– Сам не понимаю, как это вышло! С детства всех боялся, стал подрастать – начал ненавидеть, которых за подлость, которых – не знаю за что, так просто! А теперь все для меня по-другому встали, – жалко всех, что ли? Не могу понять, но сердце стало мягче, когда узнал, что не все виноваты в грязи своей…
Он замолчал, точно прислушиваясь к чему-то в себе, потом негромко и вдумчиво сказал:
– Вот как дышит правда!
Она взглянула на него и тихо молвила:
– Опасно ты переменился, о, господи!
Когда он лег и уснул, мать осторожно встала со своей постели и тихо подошла к нему. Павел лежал кверху грудью, и на белой подушке четко рисовалось его смуглое, упрямое и строгое лицо. Прижав руки к груди, мать, босая и в одной рубашке, стояла у его постели, губы ее беззвучно двигались, а из глаз медленно и ровно одна за другой текли большие мутные слезы.
5
И снова они стали жить молча, далекие и близкие друг другу. Однажды среди недели, в праздник, Павел, уходя из дома, сказал матери:
– В субботу у меня будут гости из города.
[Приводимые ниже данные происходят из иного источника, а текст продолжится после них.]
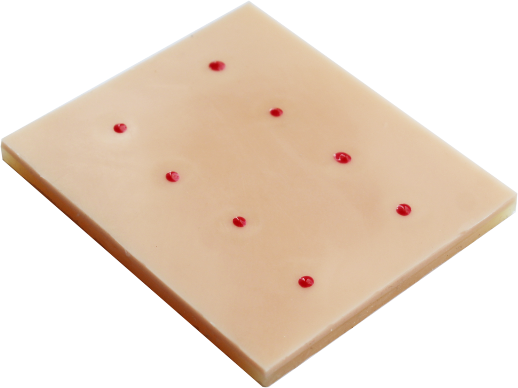 Тренажер представляет собой блок прямоугольной формы с обозначенными местами для проведения инъекций. Модуль имитирует подкожную жировую клетчатку и верхний слой кожи и предназначен для отработки навыков внутрикожных инъекций.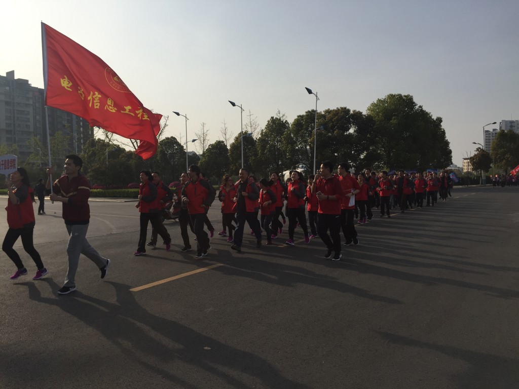 在极速炸金花 工会主席吴庆文的发令枪响后,极速炸金花 紧随着长跑队伍精神抖擞地出发。院旗迎风招展,在极速炸金花 党委副书记王伟华的哨声中,全体教职员工齐声高呼“信息领航,四院最强”的口号,呼声振奋人心。极速炸金花 整齐的红色方阵随着口号和哨声的律动由西区操场一路跑过停机坪、国旗广场、砚湖、图书馆、一号楼等地,极速炸金花 的同学们也在道路两边为自己的老师们呐喊助威,拍照留念。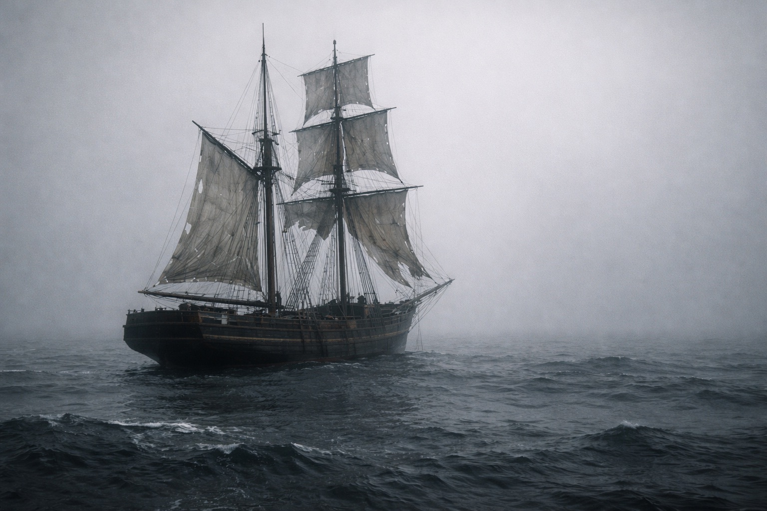 この船は1872年11月7日にニューヨークを出航し、イタリアのジェノヴァへ向けて航海していた商船、メアリー・セレスト号であったが、冬の荒波の中、不気味なほど静かに漂っていた。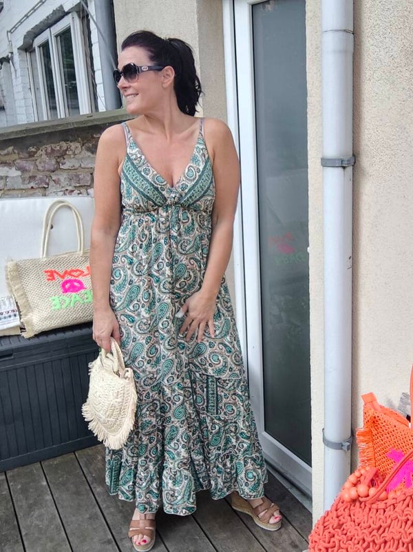 Robe longue cache cœur à bretelles, dos élastique.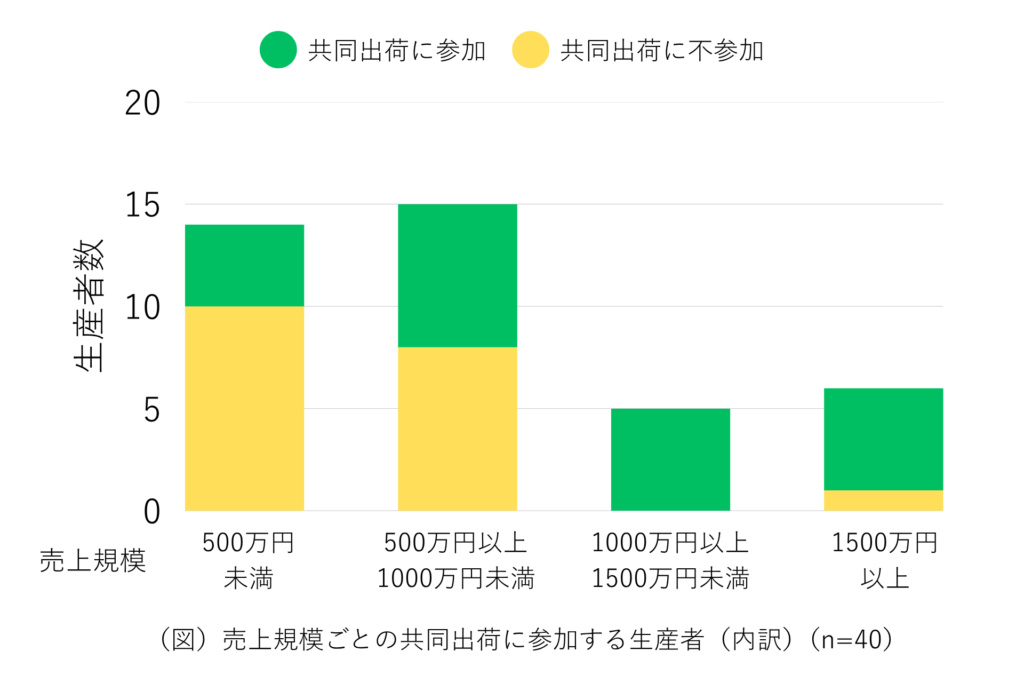 売上と所得の相関関係を分析した結果、総売上1,000万円前後では利益率が高く、農業関連事業や農外事業を組み合わせている傾向があることが分かりました。また、売上1,000万円以上の規模になると共同出荷への参加が大勢を占めています。こうした、売上による農業の形の違いは、今後もデータを蓄積していくことで、就農の検討材料や就農後の経営判断の指標となりえます。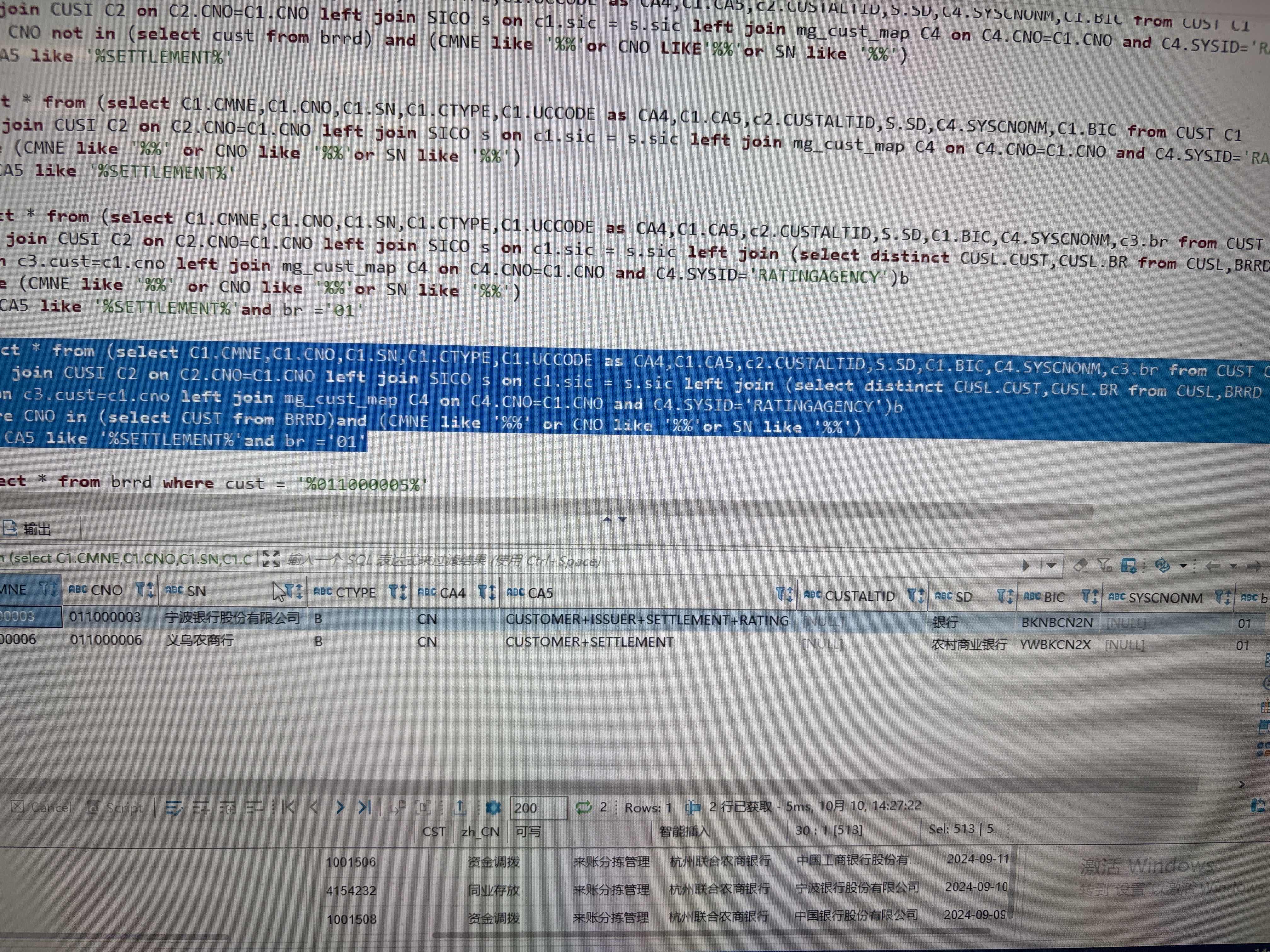 (cust的cno为11,brrd的cust字段为10)
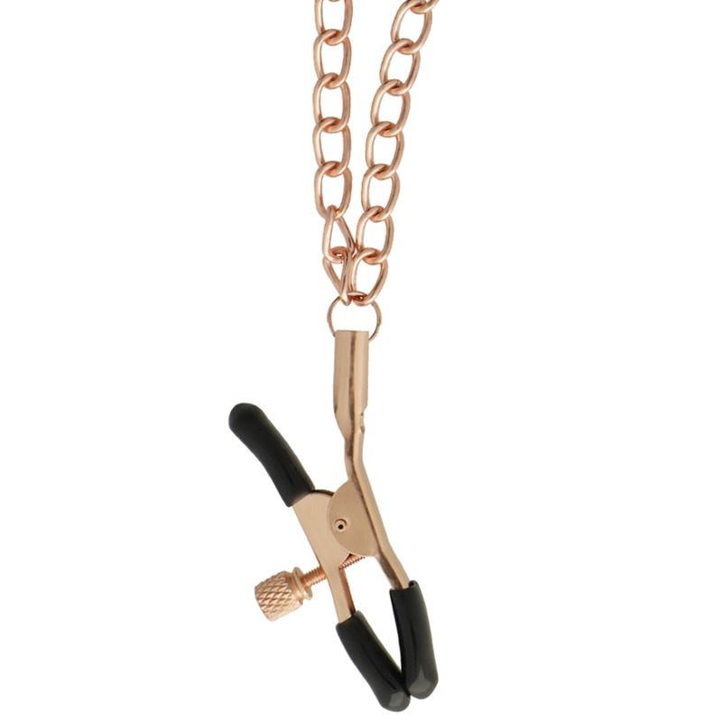 Au-delà de l'image, il y a aussi le plaisir. Ces pinces à tétons en métal sont conçues pour vous offrir une stimulation intense. La double chaîne ajoute du poids et de la pression à ces pinces réglables.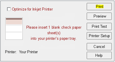 14. Select "Print" to print out a check or cancel all the windows to start the process of printing checks over. The changes you made will be saved.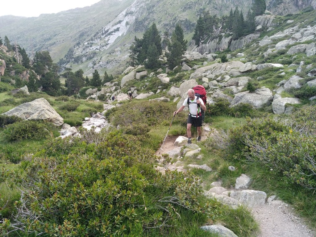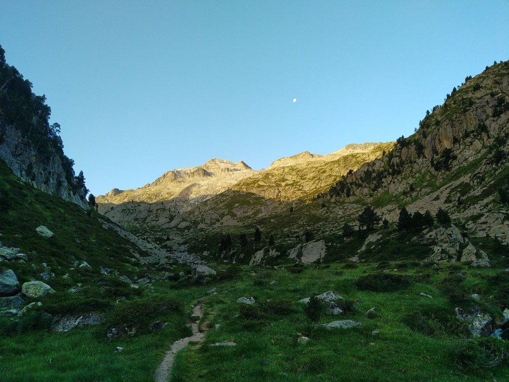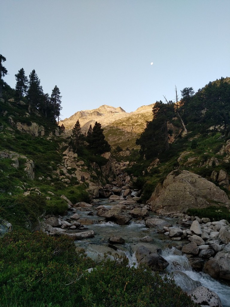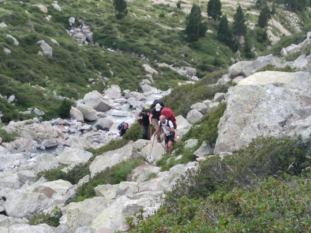 On commence une ascension qui va s’avérer très longue en temps malgré les 5 km à effectuer. Laurent a élaboré la rando sur carte et dénivelé mais le rendu sur le terrain va s’avérer d’une toute autre teneur… Alors c’est parti pour l’ascension du col de Ballenque en empruntant une variante du GR11-5. On part de 2000 mètres pour aller à 2800 mètres. Dès le départ il n’y a pas vraiment de chemin, juste des marques du GR de temps en temps. Bon, on se dit que c’est juste le début de la section, mais c’est finalement toute la journée qui va être comme ça. Ca débute avec une ascension pas trop violente mais principalement faite de blocs rocheux. Le soleil se lève doucement et nous allons rester à l’ombre une bonne partie de la matinée sous le massif de l’ Aneto. A mi-chemin on arrive sur un premier col qui va nous faire basculer dans une vallée glaciaire. Débute alors une longue ascension dans d’énormes blocs rocheux qu’il faut escalader. Le col se dessine tout en haut et il nous faudra 3 heures et demi pour venir à bout des 5 kilomètres. La fin devient assez impressionnante, raide et l’on doit grimper avec les mains pour se hisser jusqu’à ce col étroit.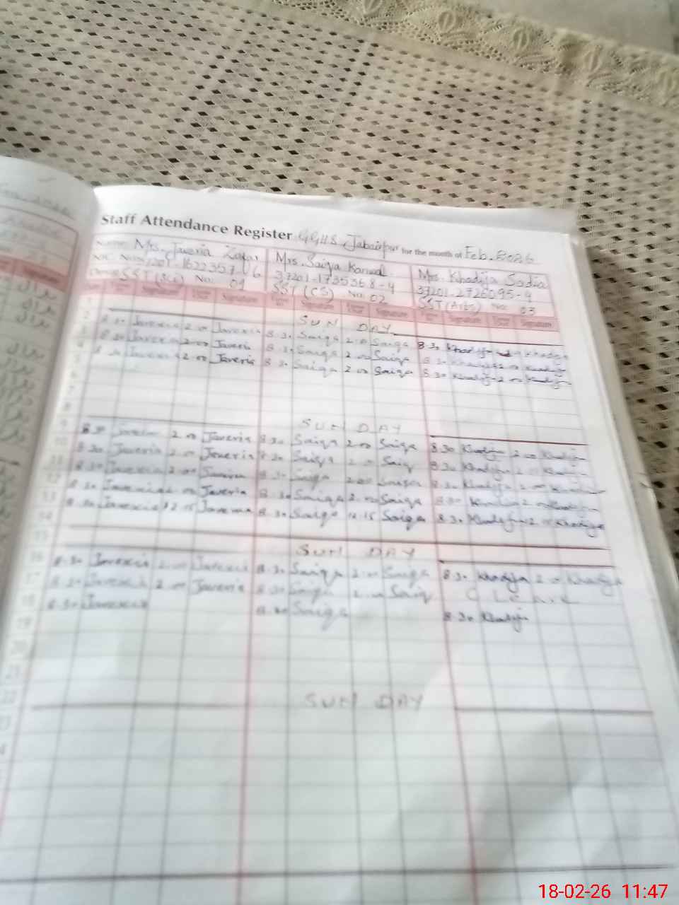 | Name: Ja**** Za**** Designation: (School Headmaster's/Headmistress's) I/c HEADMISTRESS Phone/Cell Number: 03**** |

– Из города? – повторила мать и – вдруг – всхлипнула.
– Ну, о чем, мамаша? – недовольно воскликнул Павел. Она, утирая лицо фартуком, ответила вздыхая:
– Не знаю, – так уж…
– Боишься?
– Боюсь! – созналась она.
Он наклонился к ее лицу и сердито – точно его отец – проговорил:
– От страха все мы и пропадаем! А те, кто командуют нами, пользуются нашим страхом и еще больше запугивают нас.
Мать тоскливо взвыла:
– Не сердись! Как мне не бояться! Всю жизнь в страхе жила, – вся душа обросла страхом!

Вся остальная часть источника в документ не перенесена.